My stepfather and I have never been close. He had married an older woman who had three teenagers and a younger daughter. They took a little while to become a 'family', but we did. And even more so, when he had a son (my youngest brother) with her. But he wasn't quite ready to be 'dad' when I was little. Less so, once I became a teenage girl with authority issues. Even less ready to become a grandfather when my eldest was born.
We get along. We're just not 'close'.
Since my own birth father had died when I was quite young... I had been super close to him, but I never had that connection again with anyone after that. It was all about my mom when I was growing up.
And since my eldest son's father hasn't been a part of his life (well, ever), he never really experienced having a dad around either.
Admittedly, I was married for several years in the hopes of obtaining a father for my son. But come to find out he didn't really want to be a dad to my son. And it wasn't too much longer after I realized that before I realized that I didn't need him in my life after all.
And my other son's father and I were only dating when I conceived and we had split up before I'd known we'd conceived.
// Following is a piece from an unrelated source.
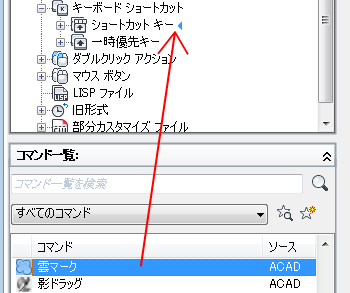- ショートカット キーを作成するには、[コマンド一覧]ペインから、コマンドを[ <ファイル名> 内のカスタマイズ]の[ショートカット キー]ノードにドラッグします。
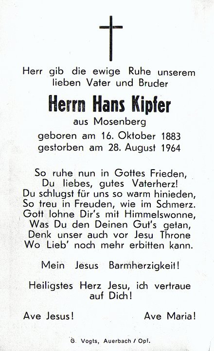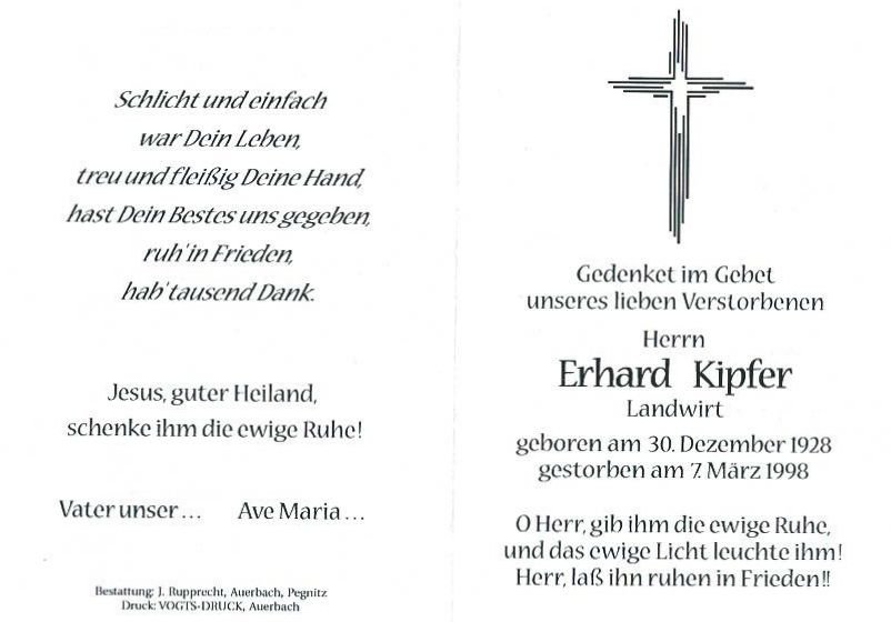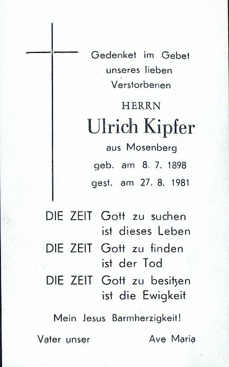 Kipfer Barbara geb Fuchs 16.01.1905-09.11.1985 Kipfer Erhard 30.12.1928 - 07.03.1998 SB Kipfer Hans 16.10.1883-28.08.1964 Kipfer Ulrich 08.07.1898-27.08.1981

Well... father's day has always been a bit 'odd'. It doesn't quite fit our family. My youngest son usually gets to spend Father's day weekend with his dad... which at least gives me a little break. But, it's been hard to call it a family event or holiday.
I did start teasing my eldest son about father's day when he was a teenager. It's not like he had anyone in his life besides myself and my mother. And, I figured I deserved some due for being the one to toss a softball or kick the soccer ball with him. I was the one who took him to baseball games. I was the one who taught him to mow the lawn and grill out on the grill. I taught him how to hike, camp and fish- though I never could quite bring myself to clean them (catch & release works better when you aren't a big fish eater - lol). I was the one helping him with his cub scout activities.
He pretty much ignored all my attempts at getting some recognition on father's day... until he became a father himself.
Now, I get flowers and dinner for Mother's day. And father's day? Comes with a huge thank you and a conversation about how much he appreciates what I have done and continue to do to support him.
He's turning into a pretty great father on his own. And I think it's pretty cool that once a boy becomes a man and understands what it really takes to be a man? He realizes that some of that came from his mother... and that it is ok.